◆ ENTRIES PROVIDED ◆
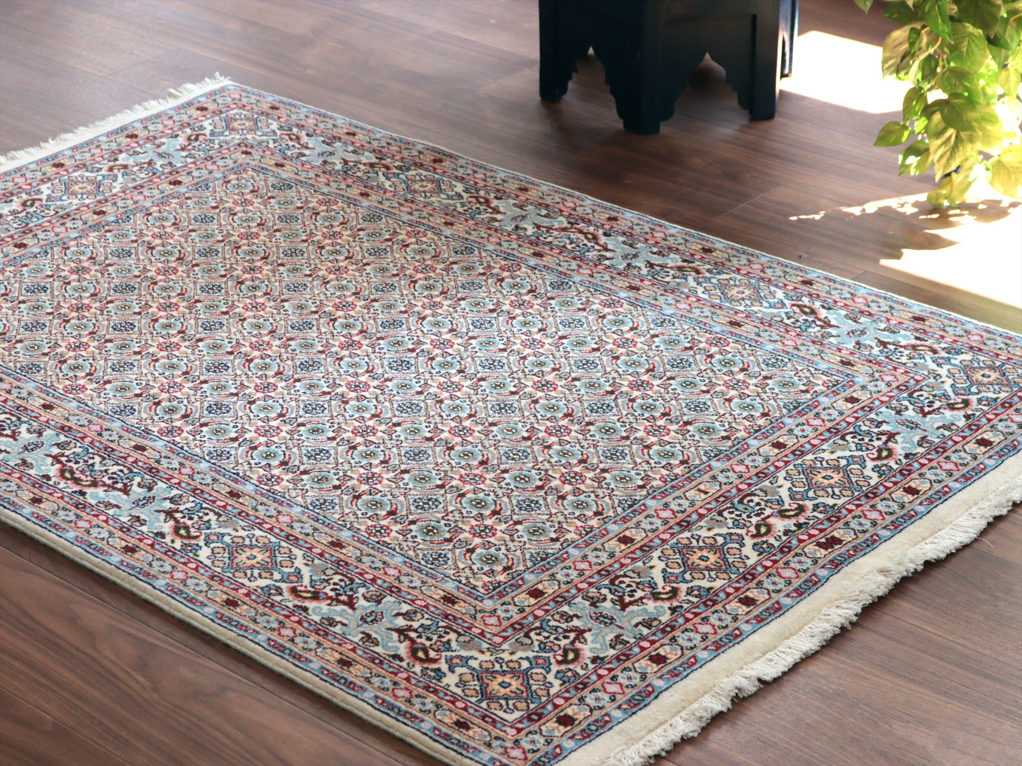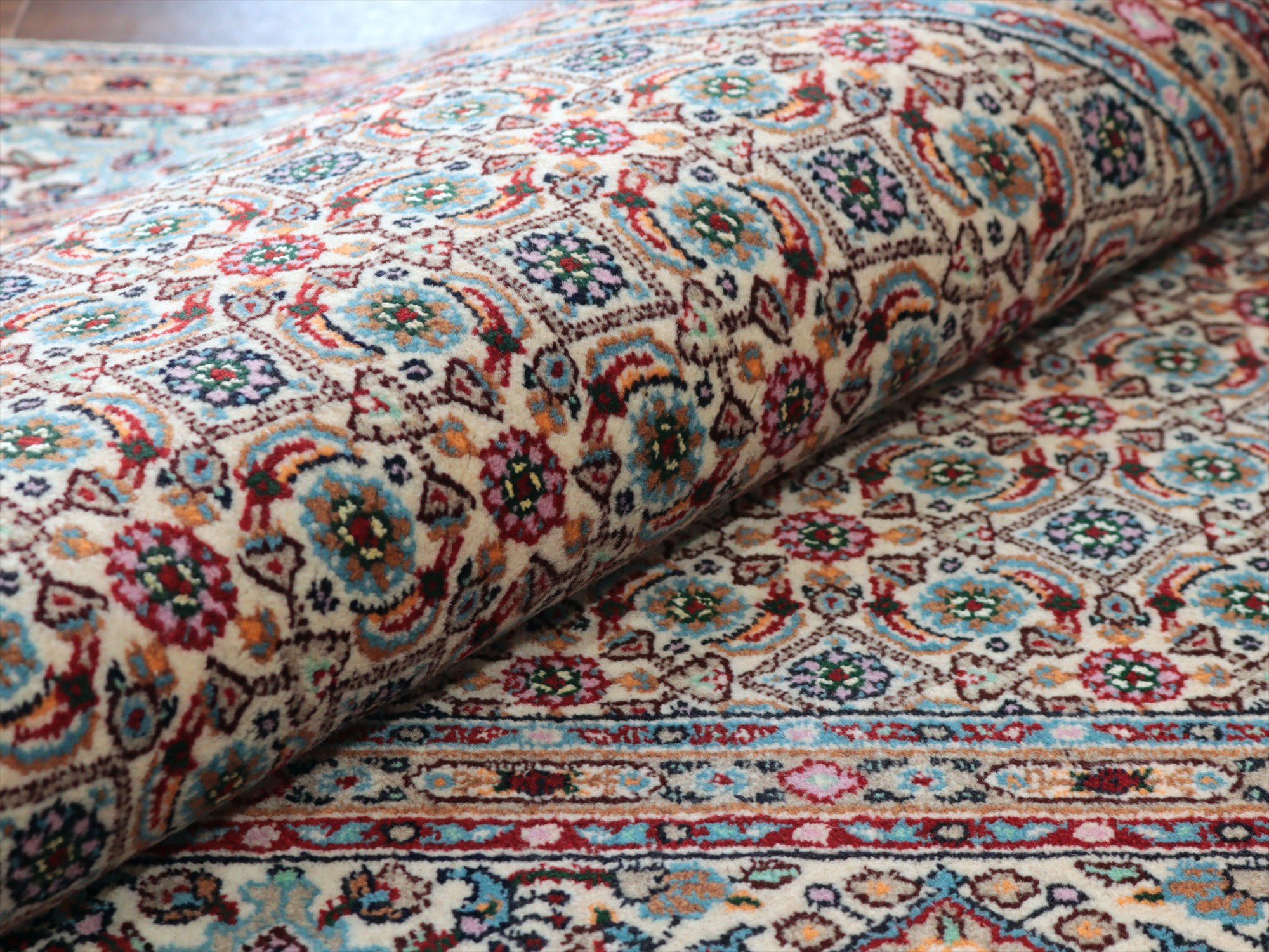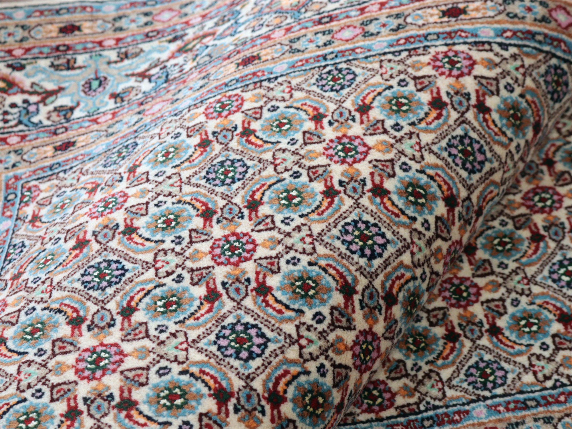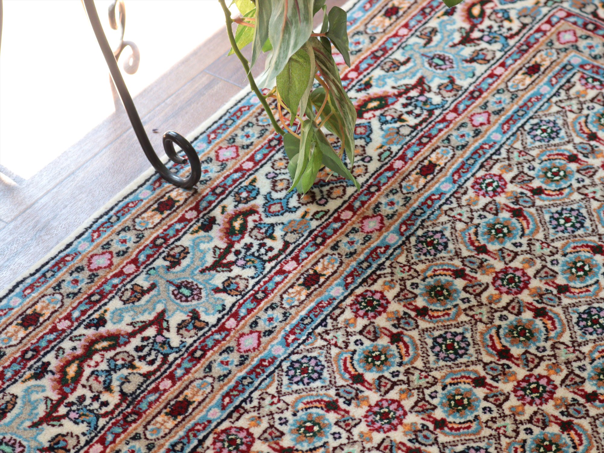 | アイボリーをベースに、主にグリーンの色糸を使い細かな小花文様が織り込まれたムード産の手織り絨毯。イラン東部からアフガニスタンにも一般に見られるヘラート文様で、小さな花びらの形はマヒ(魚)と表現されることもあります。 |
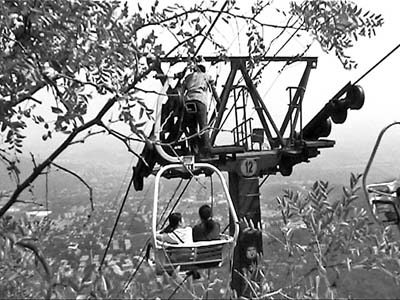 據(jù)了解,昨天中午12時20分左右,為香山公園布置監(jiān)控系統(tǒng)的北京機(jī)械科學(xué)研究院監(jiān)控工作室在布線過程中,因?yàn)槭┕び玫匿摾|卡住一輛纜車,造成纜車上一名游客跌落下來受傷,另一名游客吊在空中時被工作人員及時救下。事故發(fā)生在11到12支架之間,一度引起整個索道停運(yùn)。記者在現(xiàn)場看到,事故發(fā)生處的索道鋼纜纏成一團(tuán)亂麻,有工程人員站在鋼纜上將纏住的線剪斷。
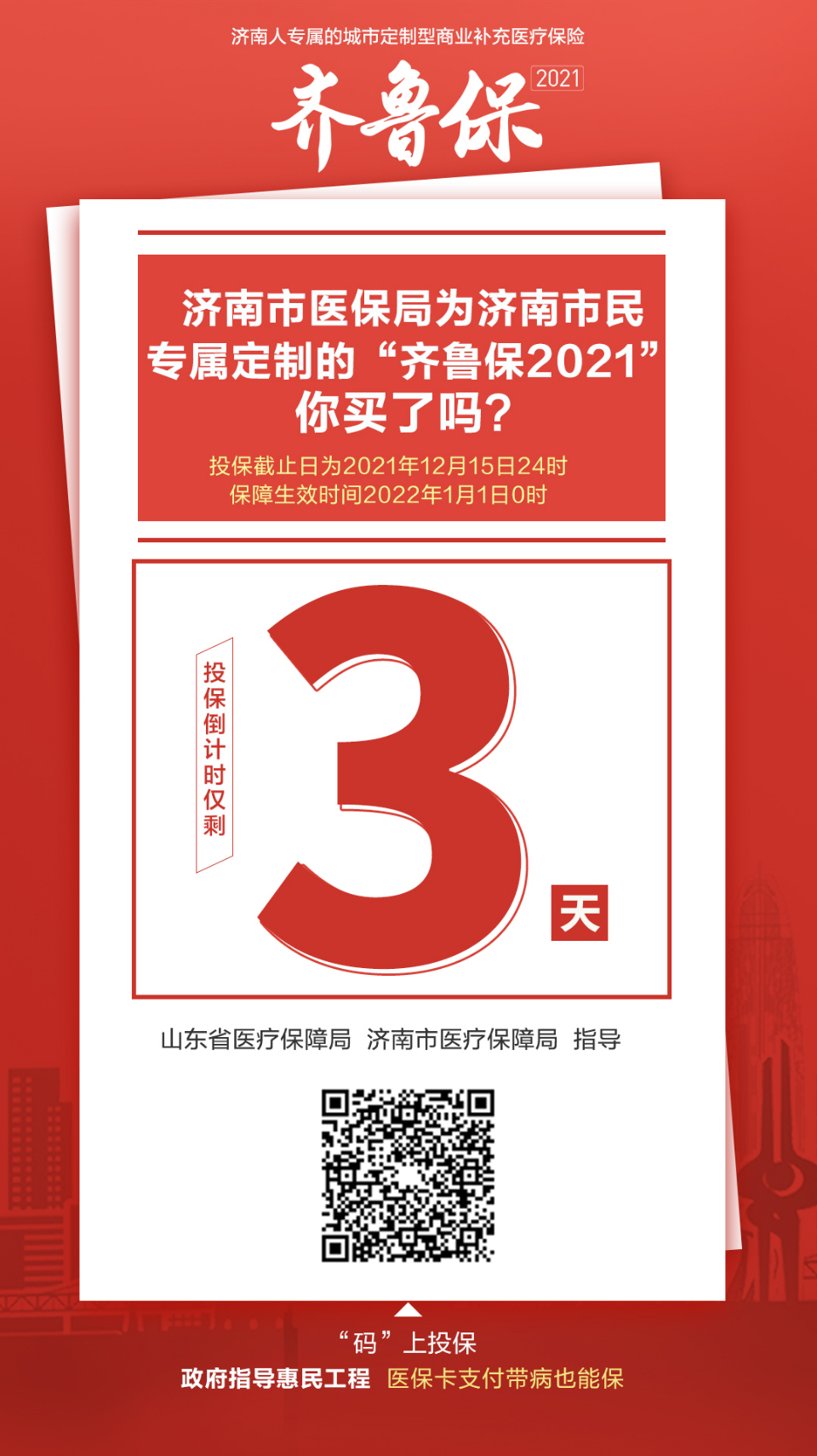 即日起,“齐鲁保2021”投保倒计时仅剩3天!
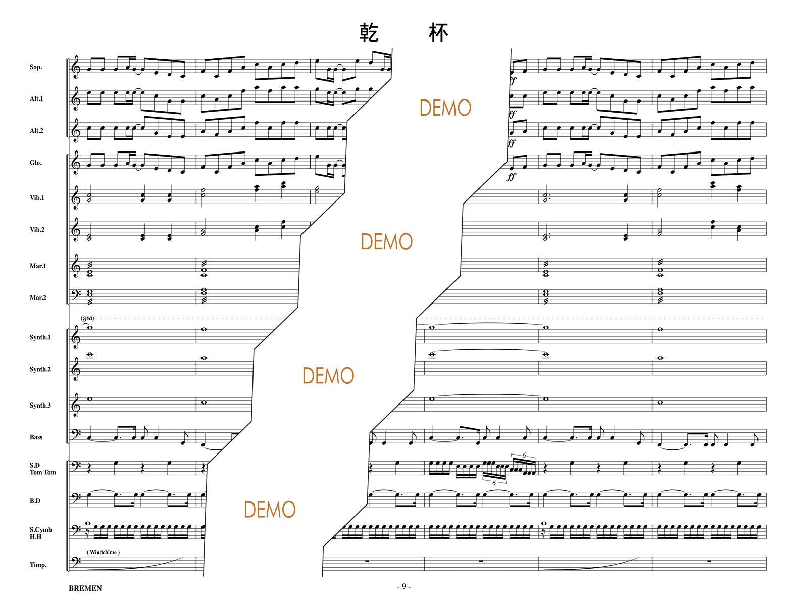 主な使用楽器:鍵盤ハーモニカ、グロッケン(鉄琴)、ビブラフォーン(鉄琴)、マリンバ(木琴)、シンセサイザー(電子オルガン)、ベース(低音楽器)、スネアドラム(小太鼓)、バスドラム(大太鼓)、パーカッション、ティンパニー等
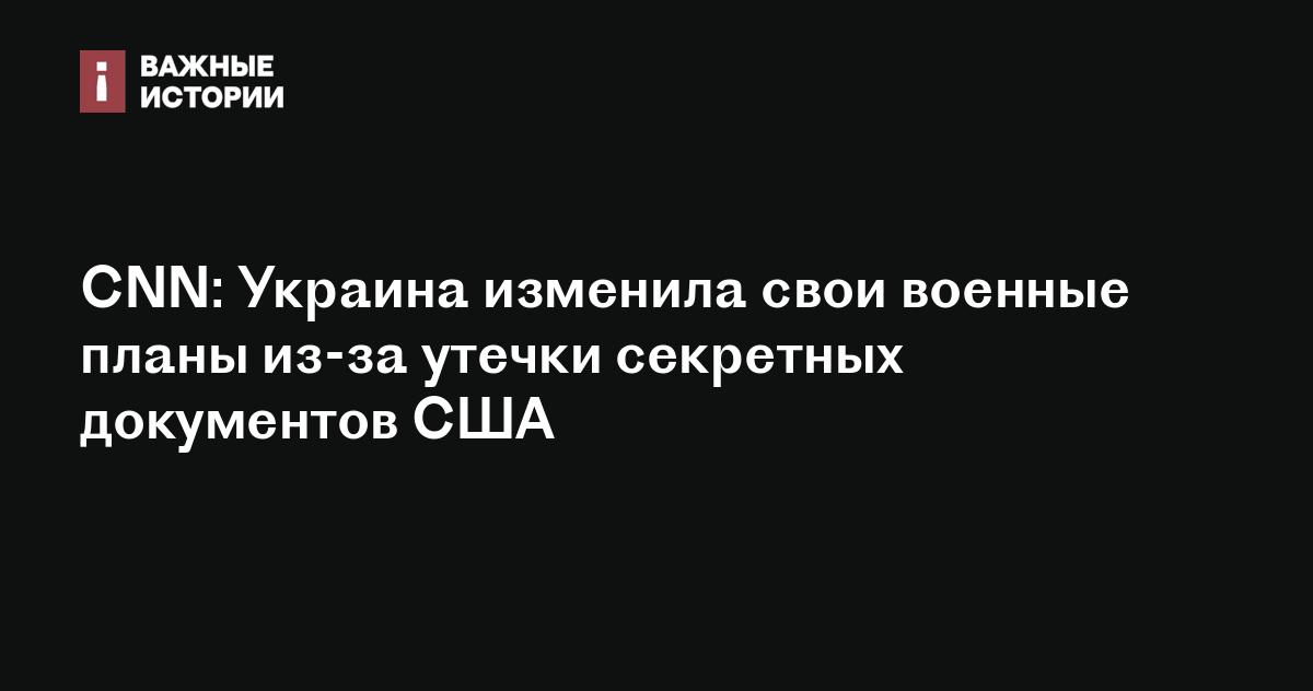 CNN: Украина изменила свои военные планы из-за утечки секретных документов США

◆ WORK TASK ◆
Although the records contain pictures, transcribe only their text, exactly as written.

◆ RESULT ◆
 | アイボリーをベースに、主にグリーンの色糸を使い細かな小花文様が織り込まれたムード産の手織り絨毯。イラン東部からアフガニスタンにも一般に見られるヘラート文様で、小さな花びらの形はマヒ(魚)と表現されることもあります。 |
 據(jù)了解,昨天中午12時20分左右,為香山公園布置監(jiān)控系統(tǒng)的北京機(jī)械科學(xué)研究院監(jiān)控工作室在布線過程中,因?yàn)槭┕び玫匿摾|卡住一輛纜車,造成纜車上一名游客跌落下來受傷,另一名游客吊在空中時被工作人員及時救下。事故發(fā)生在11到12支架之間,一度引起整個索道停運(yùn)。記者在現(xiàn)場看到,事故發(fā)生處的索道鋼纜纏成一團(tuán)亂麻,有工程人員站在鋼纜上將纏住的線剪斷。
 即日起,“齐鲁保2021”投保倒计时仅剩3天!
 主な使用楽器:鍵盤ハーモニカ、グロッケン(鉄琴)、ビブラフォーン(鉄琴)、マリンバ(木琴)、シンセサイザー(電子オルガン)、ベース(低音楽器)、スネアドラム(小太鼓)、バスドラム(大太鼓)、パーカッション、ティンパニー等
 CNN: Украина изменила свои военные планы из-за утечки секретных документов США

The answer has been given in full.